A bit of googling turns up some info that indicates that it should be
possible to get decent longevity for buried aluminum radial fields:
Al-alloys in Soil : Corrosion Hazards
which has this:
Corrosion of the copper-containing 2XXX and 7XXX series alloys in moist
low-resistivity soils, measured by weight loss and pitting depth, is
several times greater than corrosion of the more resistant 1XXX, 3XXX,
5XXX, and 6XXX series alloys. Use of cathodic protection or Alclad products
effectively reduces corrosion or limits penetration.
In actual service, alloys 3003, 6061, and 6063 (which are most frequently
used for pipelines) showed corrosion attack ranging from almost none to
deep pitting after many years of service in unprotected conditions.
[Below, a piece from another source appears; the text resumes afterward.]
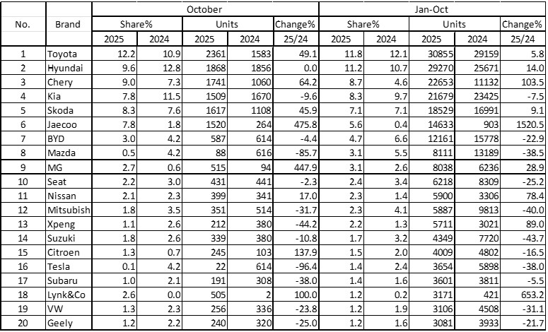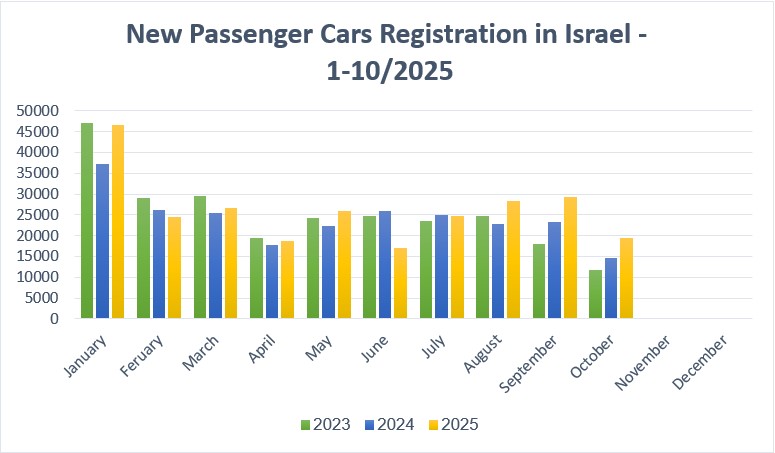 In October 2025, the Israeli passenger car market registered 19,367 new cars – an increase of 33.3% compared with October 2024. Since the beginning of the year, 261,404 new cars were registered, an increase of 8.5% in deliveries compared with last year. Since January 86,251 new cars with electric propulsion (BEV+PHEV) were registered. The market share of pure EVs currently stands at 20.1%.

Cathodically protected sections of some of the same pipes in corrosive soil
showed no attack or only mild etching.
--- This seems to say that picking the right alloy AND some cathodic
protection might be a good way to do it. Note that one can create the
protection current either with a sacrificial electrode (so the current is
produced by galvanic action) OR by externally applying a suitable current
to an inert electrode. Seems to me that the latter scheme, with a solar
panel, might be the way to go, depending on the current required.
And also this:
CORROSION RESISTANCE OF ALUMINUM DRAINAGE PRODUCTS: THE FIRST 25 YEARS
Abstract:A description is provided of laboratory and field evaluation
procedures used to evaluate the corrosion resistance of aluminum culverts,
storm drains, structural plates, and retaining walls. Relationships of the
physical and chemical properties of waters and soils with the performance
of aluminum pipe are discussed. Results indicate that there is a
qualitative relationship between corrosion resistance of aluminum and the
water and soil pH and resistivities, with good performance of unprotected
aluminum pipe observed in the pH range of 4 to 9 and minimum resistivities
greater than 500 ohm-cm. The extent of localized corrosion on the soil side
of pipe can be accurately measured by portable ultrasonic metal thickness
instruments. The low pitting corrosion rates of the thin wall Alclad 3004
culvert are demonstrated to be the results of the galvanic protection
provided by the cladding alloy.
Supplemental Notes: This paper appeared in Transportation Research Record
N1001, Symposium on Durability of Culverts and Storm Drains.
TRIS Files: HRIS
Pagination: p. 77-87
<http://pubsindex.trb.org/document/view/default.asp?lbid=269730>Summerson, T J
Features: Figures (12); References (15); Tables (4)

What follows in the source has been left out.